The UAE was elected to the United Nations Security Council (UNSC) for 2022-23. On August 2021, the UAE’s statement at the UNSC on Maritime Security urged “Member States to uphold freedom of navigation as a key principle of international law,” and encouraged all actors “to commit to building trust by opening lines of communication at sea”, thus preventing miscalculation and “promoting restraint.” In such a context, the UAE non-permanent seat may represent a timely institutional framework to build ad hoc dialogue to defuse maritime tensions around Hormuz and the Bab al-Mandeb straits, bilaterally engaging both Iran and Israel. Since 2011 and onwards, UAE’s military projection has increased the Emirati leverage across the region, and the rimland of militias the Emiratis have built along Yemeni coasts and islands are an important tool for its advancement.
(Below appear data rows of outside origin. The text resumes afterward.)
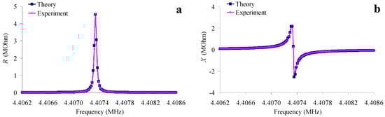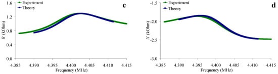 Figure 7c,d). There is a good agreement between the theory and experiment, and the maximum differences are equal to 6.8% and 2.4% for the real and imaginary parts of the impedance, respectively.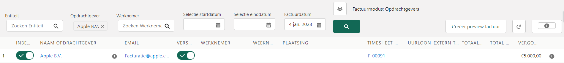 Als er een factuur gemaakt moet worden die niet aan een Timesheet gekoppeld moet worden (Zoals een extra factuur voor de werving en selectie van een werknemer), dan kan er een handmatige factuur gemaakt worden.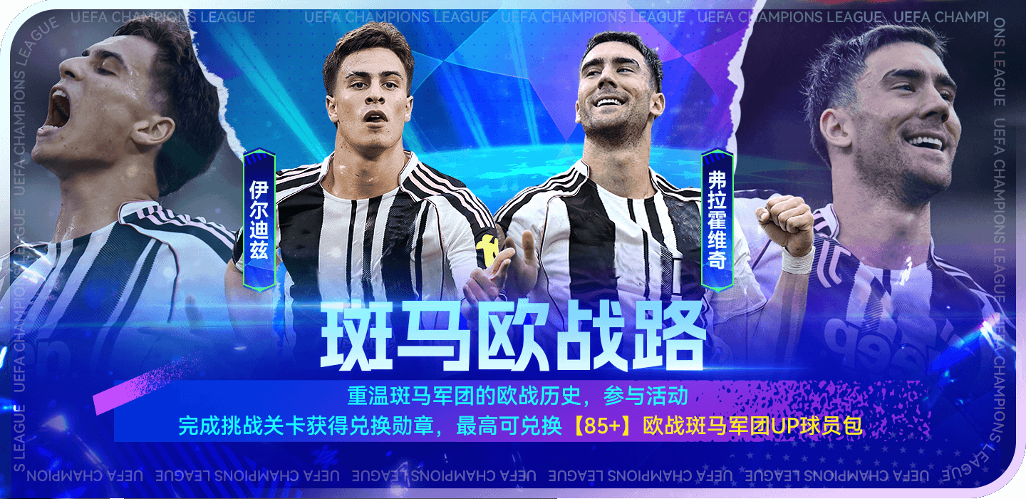 重溫斑馬軍團(tuán)的歐戰(zhàn)歷史,參與活動(dòng),完成挑戰(zhàn)關(guān)卡獲得兌換勛章,最高可兌換【85+】歐戰(zhàn)斑馬軍團(tuán)up球員包。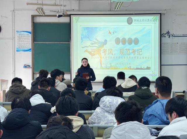 为进一步严肃考风考纪,引导学生树立诚信考试意识,杜绝考试作弊行为,营造公平、公正、诚信的考试氛围,计算机学院各班级召开期中考试考风考纪主题教育班会。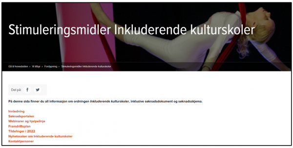 I forbindelse med ordningen Inkluderende kulturskoler 2.0 vil Norsk kulturskoleråd gjennomføre webinar med informasjon om ordningen, der det kan søkes på stimuleringsmidler til utvikling av kommunale kulturskolenes fordypningsprogram over de tre neste årene. Samme webinar kjøres flere ganger i august og september, slik at alle skal få sjansen til å få det med seg.
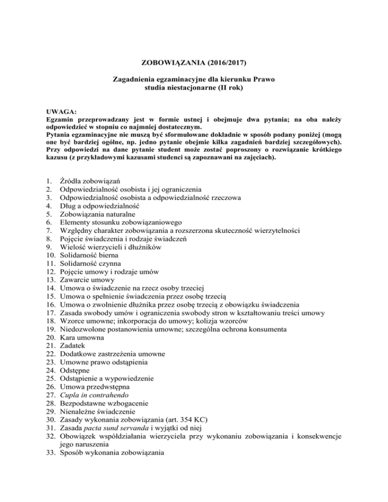 ZOBOWIĄZANIA II ROK - zagadnienia egzaminacyjne 2016.2017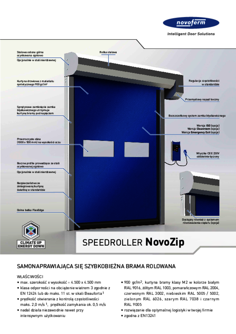 Łączy zalety bramy SpeedRoller i bramy segmentowej w jednej bramie! Dzięki szybkiemu otwieraniu można zaoszczędzić znaczne koszty energii, a jednocześnie zwiększyć przepustowość i zmniejszyć absencję. Dodatkową zaletą bramy NovoSpeed Thermo jest wysoki poziom izolacji termicznej i możliwość szczelnego zamknięcia po zamknięciu.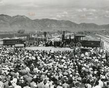 This photo from May 10, 1965, shows an event celebrating the completion of the Transcontinental Railroad at Promontory Summit, Utah. The railroad was completed on May 10, 1869.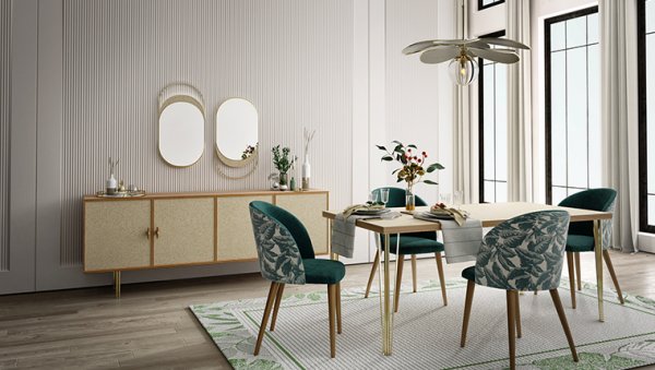 Açılır ve sabit masa alternatifinin yer aldığı Norel koleksiyonunda açılır masada ahşap ayak ile doğallık, sabit masada ise gold kaplama metal ayak ise zarif ve şıklık ön planda tutuluyor. Konsol içi çekmece kullanımı ile fonksiyonelliğin arttığı yemek odasında doğallık ve şıklık çerçevesinde ayna tasarımı da yer alıyor.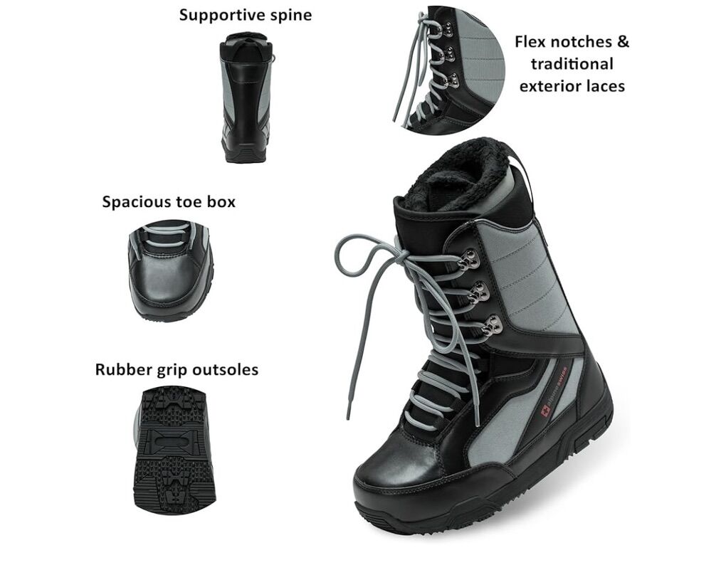 Mens Snowboarding Boots By Alpine Swiss Product Features: Faux Leather & Nylon STYLISH – The Alpine Swiss mens snowboard boots are stylish and the perfect option for any experience level from beginner to advanced.

In today’s evolving scenario, Abu Dhabi is prioritizing straits diplomacy to protect its geopolitical leverage: this could play a role in reducing maritime tensions, thus balancing Emirati national ambitions and global security.
Eleonora Ardemagni is an associate research fellow at the Italian Institute for International Political Studies (ISPI) and a teaching assistant at the Catholic University of Milan.